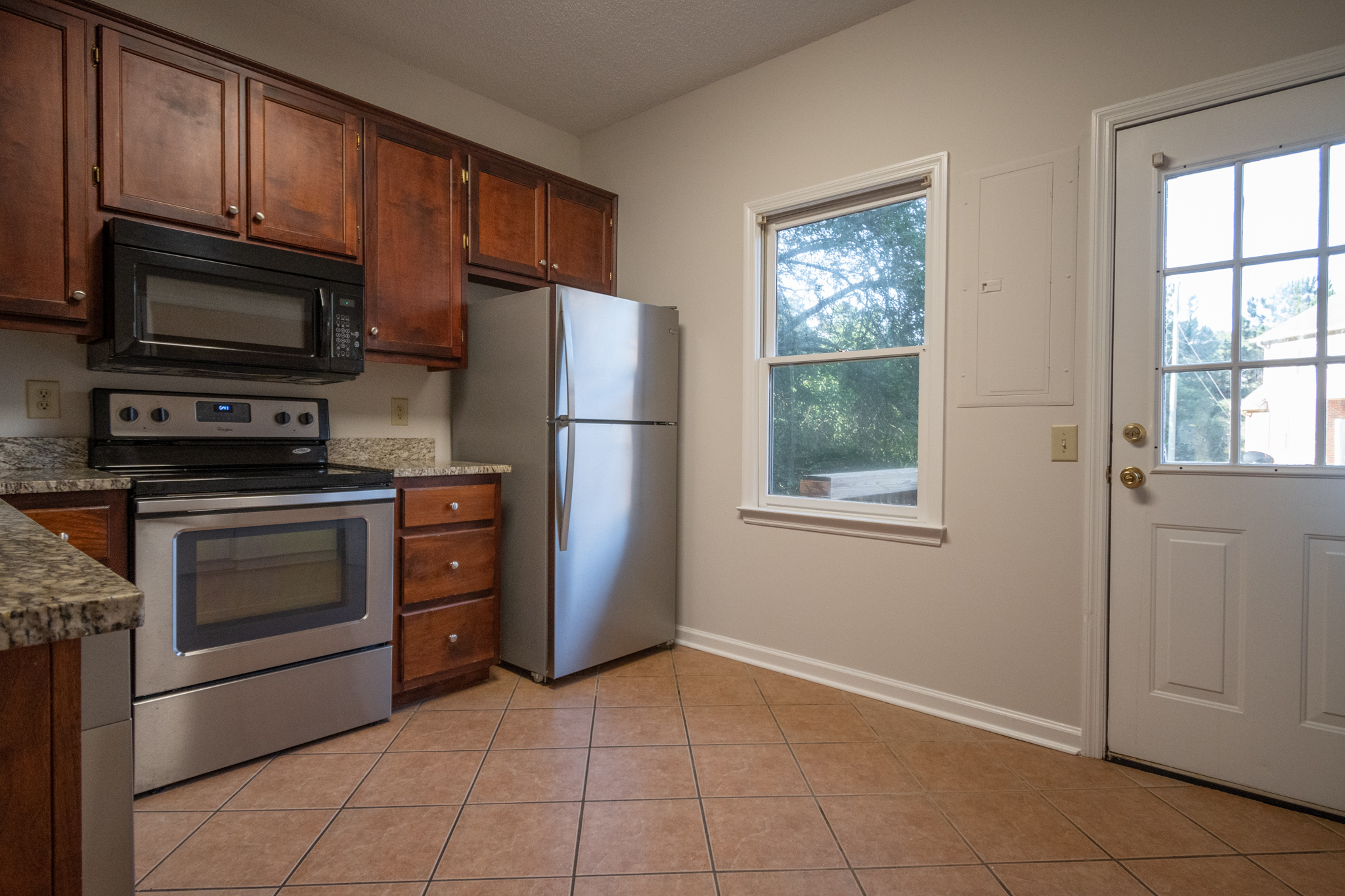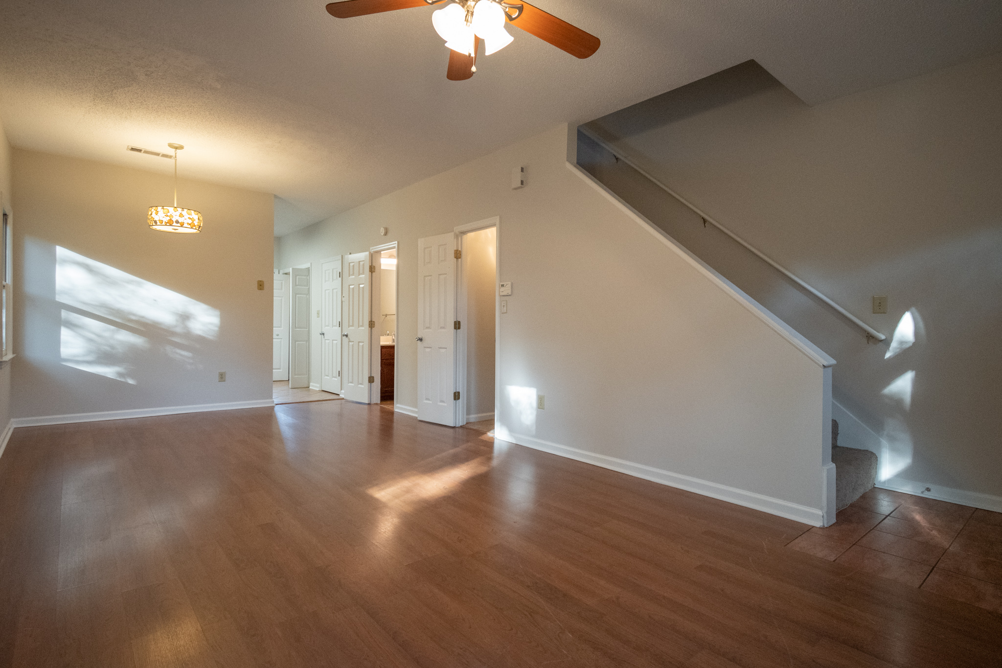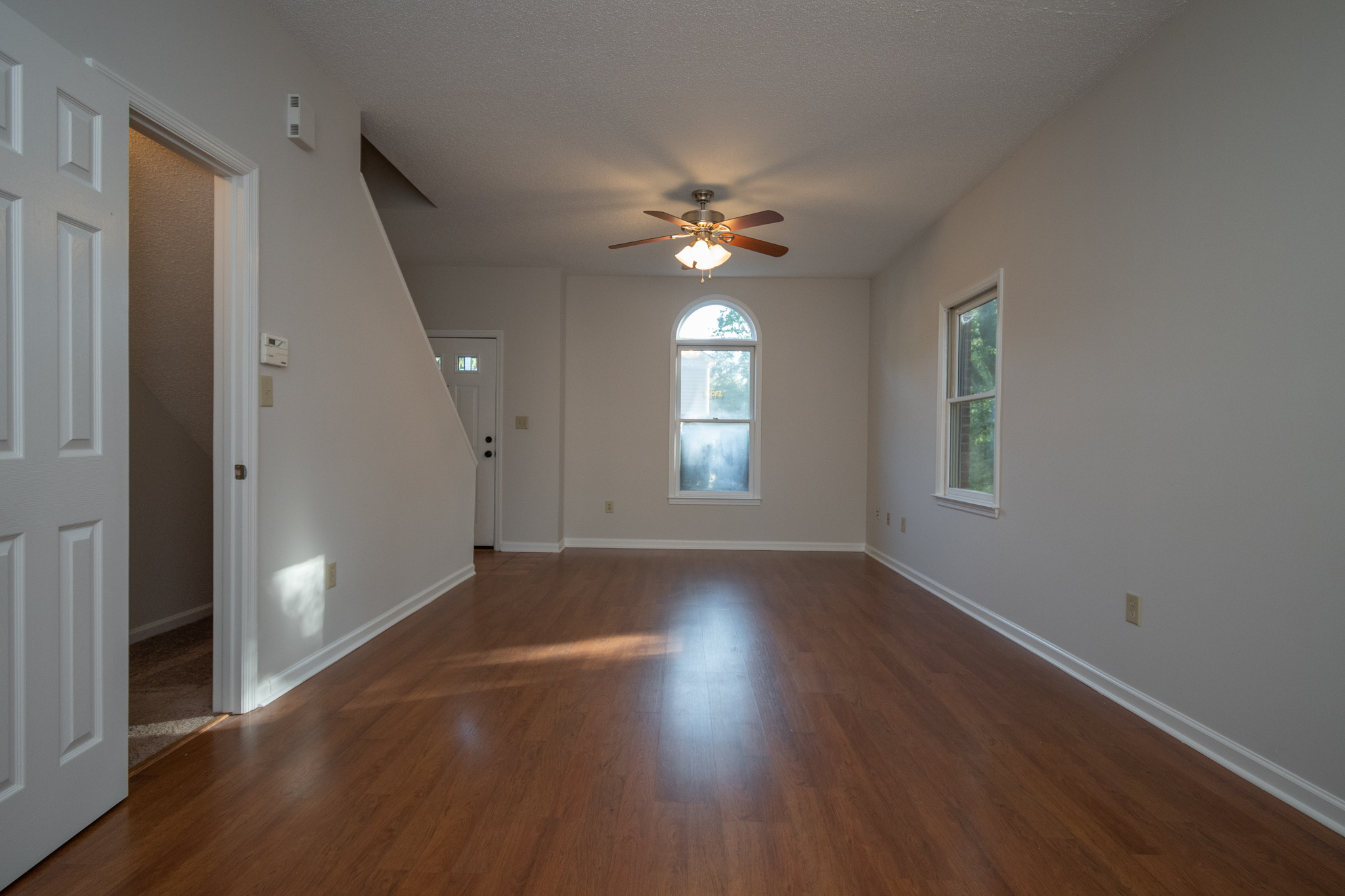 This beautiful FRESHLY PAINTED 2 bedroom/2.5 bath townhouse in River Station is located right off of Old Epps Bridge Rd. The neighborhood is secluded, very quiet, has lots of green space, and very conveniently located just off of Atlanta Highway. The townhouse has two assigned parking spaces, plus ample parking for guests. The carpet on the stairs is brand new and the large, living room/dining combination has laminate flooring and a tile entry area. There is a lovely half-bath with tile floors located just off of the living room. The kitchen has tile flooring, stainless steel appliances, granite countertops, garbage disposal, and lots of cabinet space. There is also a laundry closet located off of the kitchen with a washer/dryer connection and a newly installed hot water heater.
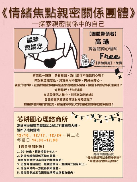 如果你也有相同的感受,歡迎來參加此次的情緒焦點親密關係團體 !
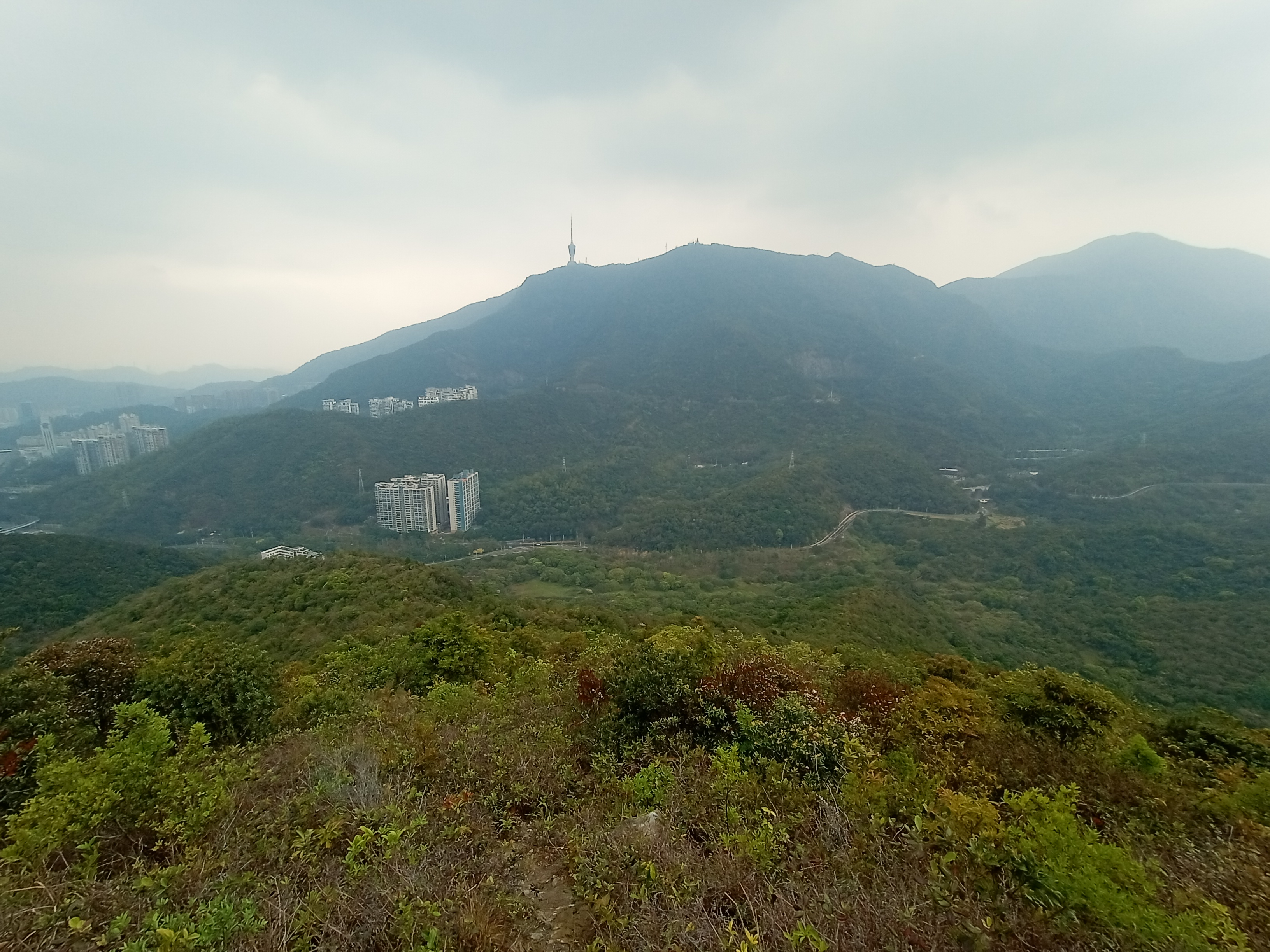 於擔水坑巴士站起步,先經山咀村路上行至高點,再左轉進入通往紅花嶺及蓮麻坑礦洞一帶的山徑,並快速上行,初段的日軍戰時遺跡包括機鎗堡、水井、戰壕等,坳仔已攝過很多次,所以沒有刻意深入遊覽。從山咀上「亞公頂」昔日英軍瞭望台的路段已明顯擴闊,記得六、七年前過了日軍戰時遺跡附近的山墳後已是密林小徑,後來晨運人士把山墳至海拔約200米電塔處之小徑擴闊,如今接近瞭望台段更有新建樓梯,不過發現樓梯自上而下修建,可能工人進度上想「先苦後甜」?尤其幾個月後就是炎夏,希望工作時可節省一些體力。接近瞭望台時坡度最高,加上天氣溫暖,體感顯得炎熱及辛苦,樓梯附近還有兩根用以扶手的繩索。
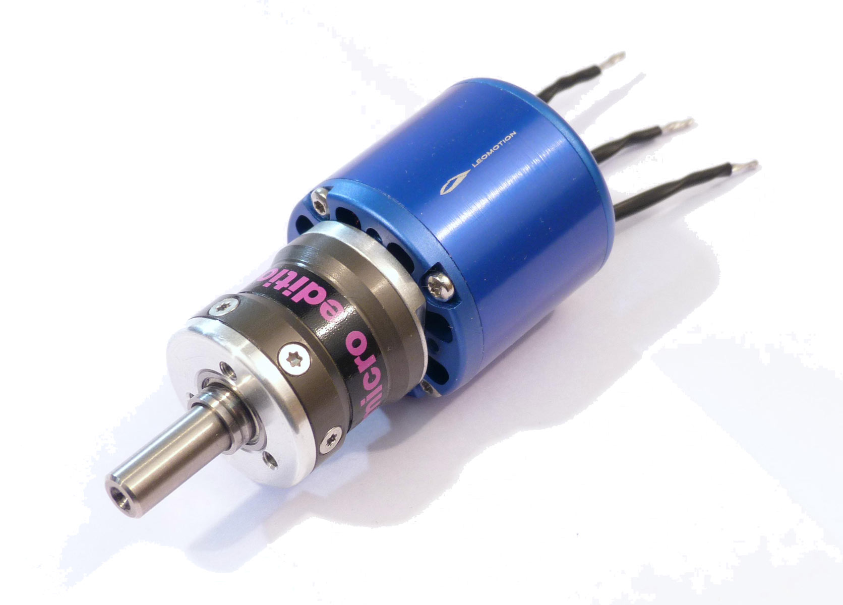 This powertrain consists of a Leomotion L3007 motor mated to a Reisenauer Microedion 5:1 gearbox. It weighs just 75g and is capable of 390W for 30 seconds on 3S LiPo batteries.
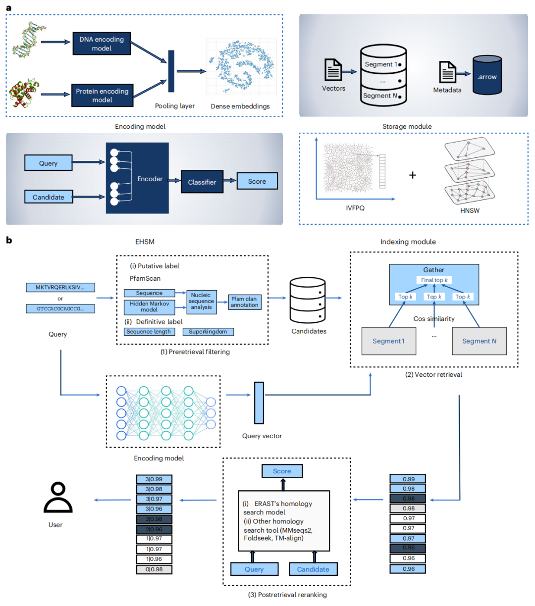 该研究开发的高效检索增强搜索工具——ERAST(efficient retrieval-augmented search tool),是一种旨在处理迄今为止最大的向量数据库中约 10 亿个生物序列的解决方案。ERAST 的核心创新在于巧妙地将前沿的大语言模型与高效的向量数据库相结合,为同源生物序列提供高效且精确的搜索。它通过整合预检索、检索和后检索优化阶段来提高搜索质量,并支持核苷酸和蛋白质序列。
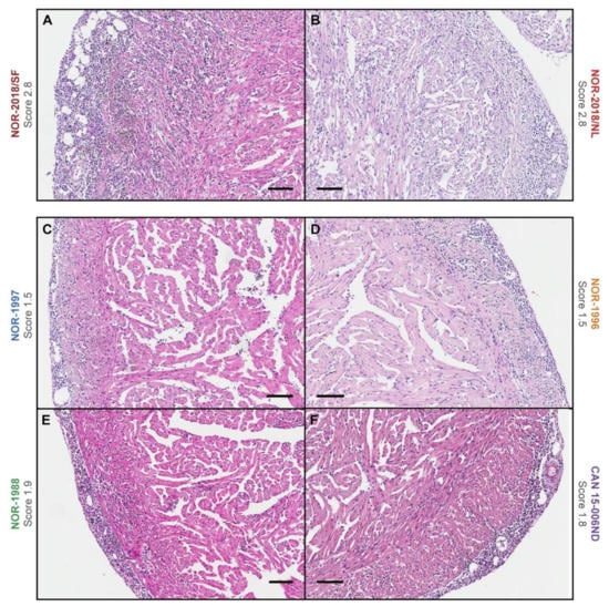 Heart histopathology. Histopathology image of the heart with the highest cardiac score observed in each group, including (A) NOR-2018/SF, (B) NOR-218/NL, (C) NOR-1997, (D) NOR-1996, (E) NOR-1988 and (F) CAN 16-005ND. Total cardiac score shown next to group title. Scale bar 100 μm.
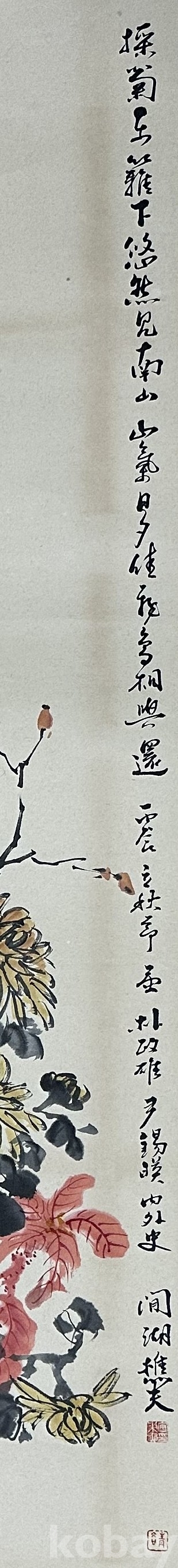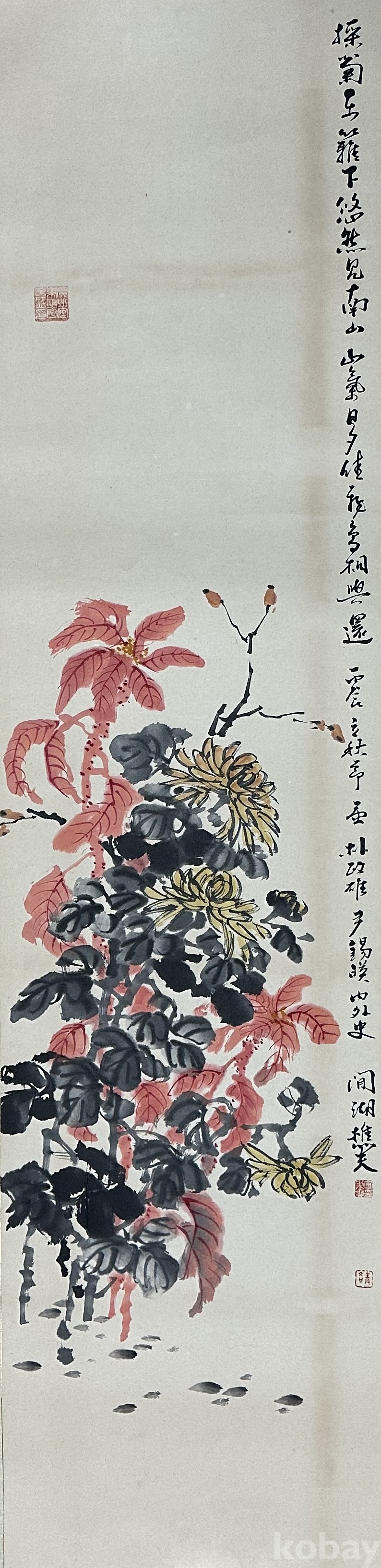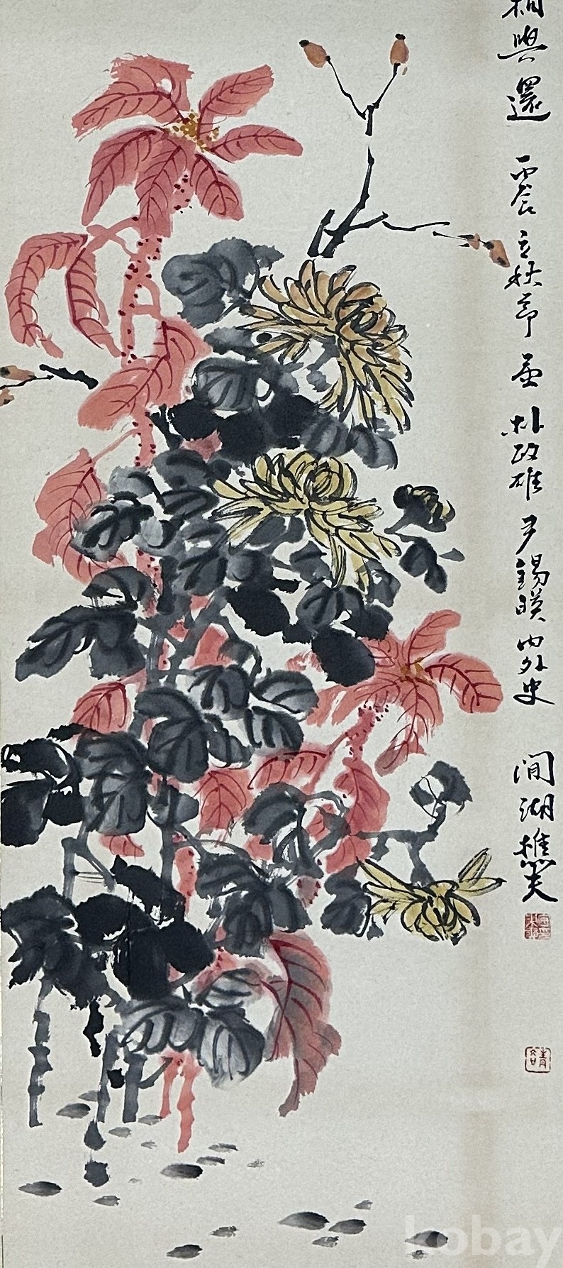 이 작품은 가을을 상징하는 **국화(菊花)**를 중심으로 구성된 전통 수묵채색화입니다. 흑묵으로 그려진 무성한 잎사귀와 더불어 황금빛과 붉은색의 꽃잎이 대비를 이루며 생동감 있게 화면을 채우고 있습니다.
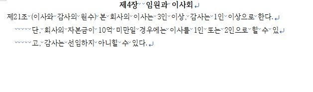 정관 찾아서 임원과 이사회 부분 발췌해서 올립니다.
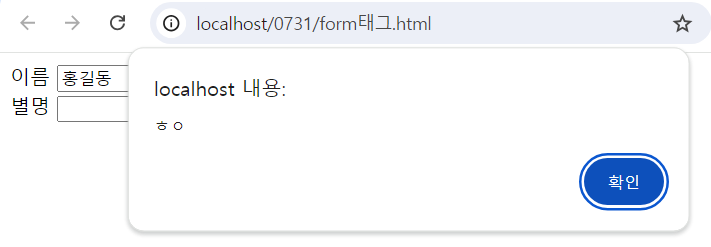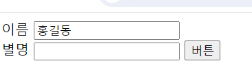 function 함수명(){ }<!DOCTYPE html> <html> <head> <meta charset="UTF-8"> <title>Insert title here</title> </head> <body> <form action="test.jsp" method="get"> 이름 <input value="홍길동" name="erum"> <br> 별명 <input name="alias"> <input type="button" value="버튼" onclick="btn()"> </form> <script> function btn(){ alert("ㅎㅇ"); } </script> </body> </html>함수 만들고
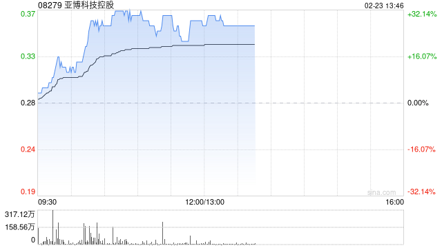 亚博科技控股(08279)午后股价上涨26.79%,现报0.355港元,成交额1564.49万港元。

○ ○ ○ ○ ○

Nothing but an exact copy is asked for: the lines from the start of the records through the line with "该研究开发的高效检索增强搜索工具——ERAST(efficient retrieval-augmented search", both ends included, minus any pictures.

 This beautiful FRESHLY PAINTED 2 bedroom/2.5 bath townhouse in River Station is located right off of Old Epps Bridge Rd. The neighborhood is secluded, very quiet, has lots of green space, and very conveniently located just off of Atlanta Highway. The townhouse has two assigned parking spaces, plus ample parking for guests. The carpet on the stairs is brand new and the large, living room/dining combination has laminate flooring and a tile entry area. There is a lovely half-bath with tile floors located just off of the living room. The kitchen has tile flooring, stainless steel appliances, granite countertops, garbage disposal, and lots of cabinet space. There is also a laundry closet located off of the kitchen with a washer/dryer connection and a newly installed hot water heater.
 如果你也有相同的感受,歡迎來參加此次的情緒焦點親密關係團體 !
 於擔水坑巴士站起步,先經山咀村路上行至高點,再左轉進入通往紅花嶺及蓮麻坑礦洞一帶的山徑,並快速上行,初段的日軍戰時遺跡包括機鎗堡、水井、戰壕等,坳仔已攝過很多次,所以沒有刻意深入遊覽。從山咀上「亞公頂」昔日英軍瞭望台的路段已明顯擴闊,記得六、七年前過了日軍戰時遺跡附近的山墳後已是密林小徑,後來晨運人士把山墳至海拔約200米電塔處之小徑擴闊,如今接近瞭望台段更有新建樓梯,不過發現樓梯自上而下修建,可能工人進度上想「先苦後甜」?尤其幾個月後就是炎夏,希望工作時可節省一些體力。接近瞭望台時坡度最高,加上天氣溫暖,體感顯得炎熱及辛苦,樓梯附近還有兩根用以扶手的繩索。
 This powertrain consists of a Leomotion L3007 motor mated to a Reisenauer Microedion 5:1 gearbox. It weighs just 75g and is capable of 390W for 30 seconds on 3S LiPo batteries.
 该研究开发的高效检索增强搜索工具——ERAST(efficient retrieval-augmented search tool),是一种旨在处理迄今为止最大的向量数据库中约 10 亿个生物序列的解决方案。ERAST 的核心创新在于巧妙地将前沿的大语言模型与高效的向量数据库相结合,为同源生物序列提供高效且精确的搜索。它通过整合预检索、检索和后检索优化阶段来提高搜索质量,并支持核苷酸和蛋白质序列。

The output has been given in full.